# Bear in them there hills



## fish_oinc (Jul 19, 2005)

Here in Va we have had an increased number of bears showing them selves all over the place in May we had one in our front yard for 2 hrs and wife had to call game warden to get him to move last week I was out for a bike ride up the hollow and just happened to bring my cam to record the ride home .as I had been seeing a lot of deer. this trip was a little different. if you watch the video at the beginning you will see a mother bear cross the road way ahead of me , you need to look hard after that a cub crosses right in front of me and was more scared then I was . take a look.

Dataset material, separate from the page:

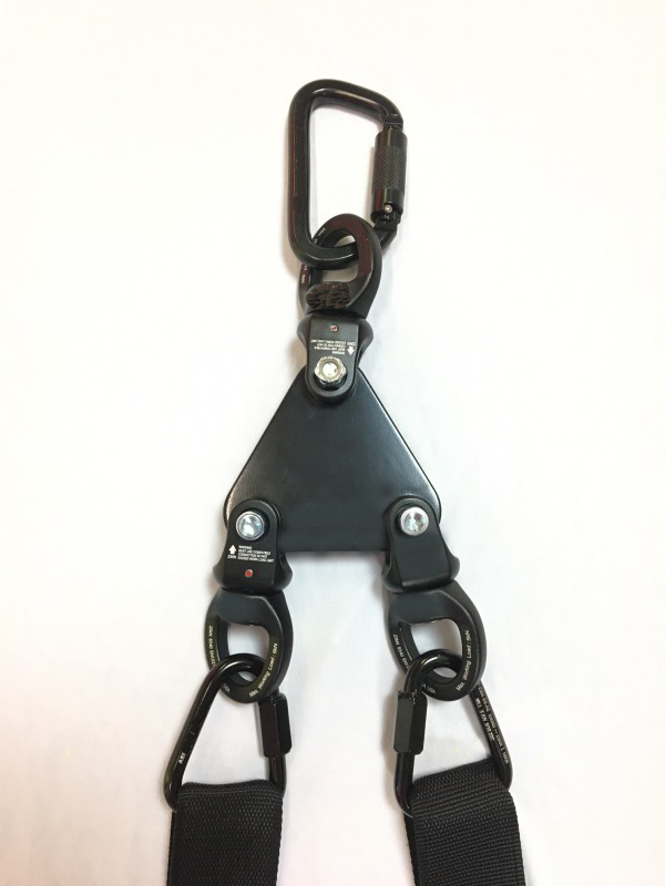 Setting up straps has never been easier. This setup gives you everything you need for dual line rotation within your performance which is necessary for straps (or Trapeze, Net, Chains, Hammock or any two point apparatus hanging from a single rig point)

[url]http://s9.photobucket.com/albums/a69/fish_oinc/video/?action=view&current=BearyNiceBikeRide.flv[/URL]


----------



## Rockfish1 (Apr 8, 2005)

Sweet... and a cute lil bugger too...


----------



## sprtsracer (Apr 27, 2005)

Nice little video there. I lived in Pocahontas County, WV for 4 years...right in the middle of the Monongahela National Forest...and bears were an every-day occurrence. I used to go "ramp hunting" and morel hunting quite a bit, as well as hiking, fishing, hunting, etc. Tons of bears! One thing you NEVER want to do is get between mama bear and her cubs! She gets a little "testy" when that happens. Also, the more populated an area gets, the more of a "dumpster food supply" is available. Snowshoe Ski Resort was not far away. There were a lot of motorcycle and mountain bike activities in the Spring/Summer/Fall and there were plenty of condos and lots of restaurants on top the mountain with a bunch of "garbage" that the bears liked to "forage".


----------



## sprtsracer (Apr 27, 2005)

BTW...I think I've been to Washington, VA before. Isn't there a pretty famous restaurant there? "Inn at Little Washington" or something like that. Ate there once and had, absolutely, the best meal at a restaurant in my entire life!


----------



## chriscustom (Jun 17, 2006)

*sweet*

Sweet vid dude! I'm hoping to see a bear this year while bow hunting.I have never seen one while I had an equilizer in my hand.


----------



## UnknownFish (Sep 12, 2007)

cool video, i remember one time was hunting deer outside of front royal, va and bear season wasnt in and i had a bear i estimate at over 400 lbs come about 10 feet from me and never even looked my way or anything, i was scared sh!tless, thank god for cover scents.


----------